C. 🌫 Diffusion Models
- Inspired by recent successes in generative models (e.g., DALL·E, Stable Diffusion).
- Key idea: Denoising as generation.
- Steps:
- Add Gaussian noise to expert action: $a_{t, 0} \rightarrow a_{t, 1} \rightarrow \dots \rightarrow a_{t, T}$
- Train a neural network to denoise, i.e., predict either:
- The less noisy version $a_{t, i-1}$, or
- The added noise $\epsilon$ such that $a_{t, i-1} = a_{t, i} - \epsilon$
- At test time:
- Start from random noise.
- Apply the trained network repeatedly to iteratively denoise back to a valid action.
- ✅ This allows capturing complex, multimodal distributions in high-dimensional spaces.
D. 🔁 Autoregressive Discretization (Bonus)
- Breaks down a high-dimensional action into per-dimension discrete outputs, predicted sequentially.
- Inspired by language models (token-by-token generation).
-
Each dimension is discretized independently:
\[a = (a_1, a_2, \dots, a_n), \quad \text{where each } a_i \in \{d_1, d_2, \dots, d_k\}\] - At each step, the model outputs a distribution over discretized values conditioned on previous dimensions.

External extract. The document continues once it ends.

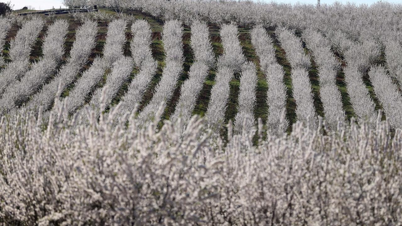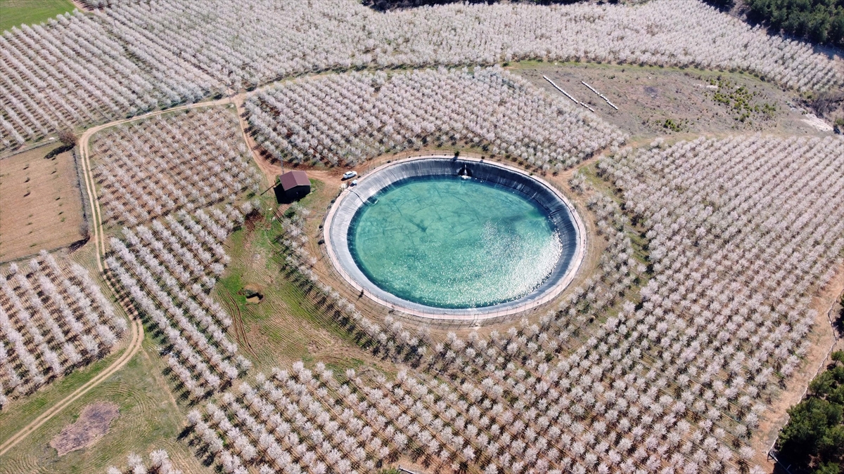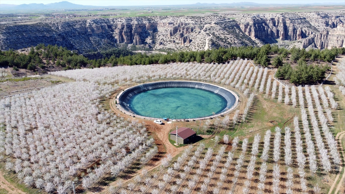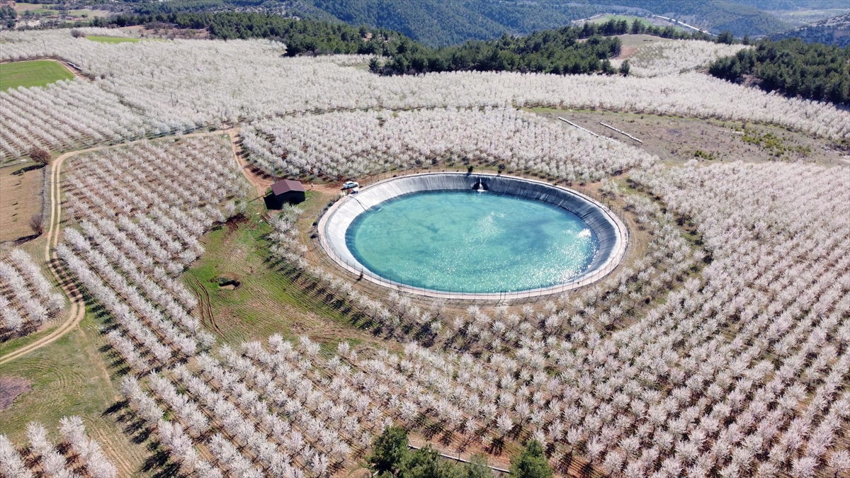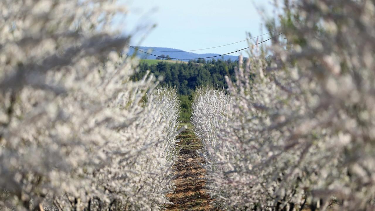 Ulubey Kanyonu`nun eteklerine kadar uzanan badem bahçelerinde güzel görüntü oluştu.

- Used in RT-1 Robotics Transformer for general-purpose robot control.
✅ Summary
| Method | Handles Multimodality | Scales to High-Dimensional Actions | Stochastic Sampling | Notes |
|---|---|---|---|---|
| Mixture of Gaussians | ✅ | ❌ (limited by number of modes) | ✅ | Easy to implement |
| Latent Variable Models | ✅ | ✅ | ✅ | Needs careful training (e.g., CVAE) |
| Diffusion Models | ✅✅✅ | ✅✅✅ | ✅ | State-of-the-art, expressive |
| Autoregressive Discretization | ✅ | ✅ | ✅ | Makes control a sequence modeling problem |
3.3 Multi-Task Learning
- Goal-Conditioned BC: Policy conditioned on goal image or state.
- Relabeling: Use the achieved end state as the goal.

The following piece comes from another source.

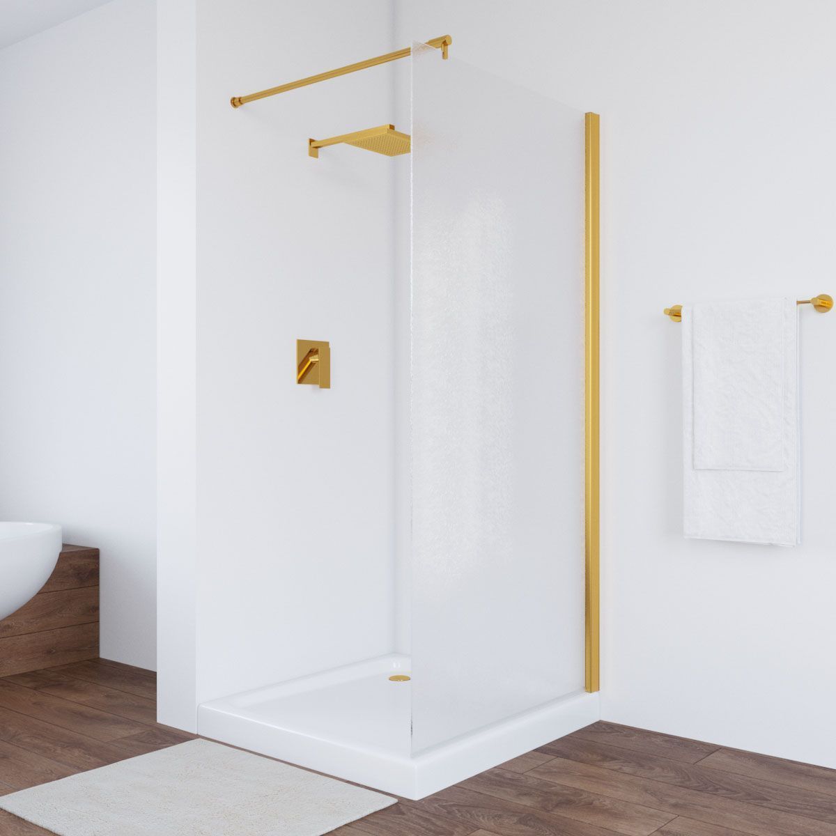 —Душевая перегородка Vegas-Glass EAF TUR+NOVO EAF TUR NOVO 116 09 02 115х200 стекло рифленое профиль золото

- Sub-Optimal Data: Even failures teach how to reach intermediate states.
Example:
- Learning Latent Plans from Play: Play data → relabel → learn general behaviors.
Scalability:
- Combine with history and relabeling → train general-purpose robots.
HER Connection:
- Shares relabeling principle with Hindsight Experience Replay.
3.4 Algorithmic Change: DAgger
- Interactive version of BC.
- Aggregate data from states visited by the learned policy.
- Reduce distributional shift by querying the expert during execution.
4. Recap and Future Outlook
Why Behavioral Cloning Fails:
- Distributional shift → compounding errors.
- Error bound: $( O(\epsilon T^2) )$
Solutions:
- Data Collection: Diverse states + recovery examples.
- Modeling: Sequence models, multimodal outputs, latent variables.
- Multi-task Learning: Goal conditioning + relabeling.
- New Algorithms: DAgger
Limitations:
- Relies on finite demos.
- Humans can’t always demonstrate all recoveries.
- Not inherently self-improving.
Motivation for RL:
- RL enables autonomous trial and error.
- Learning through experience, guided by reward.
Next lectures will explore reinforcement learning as the next step beyond imitation.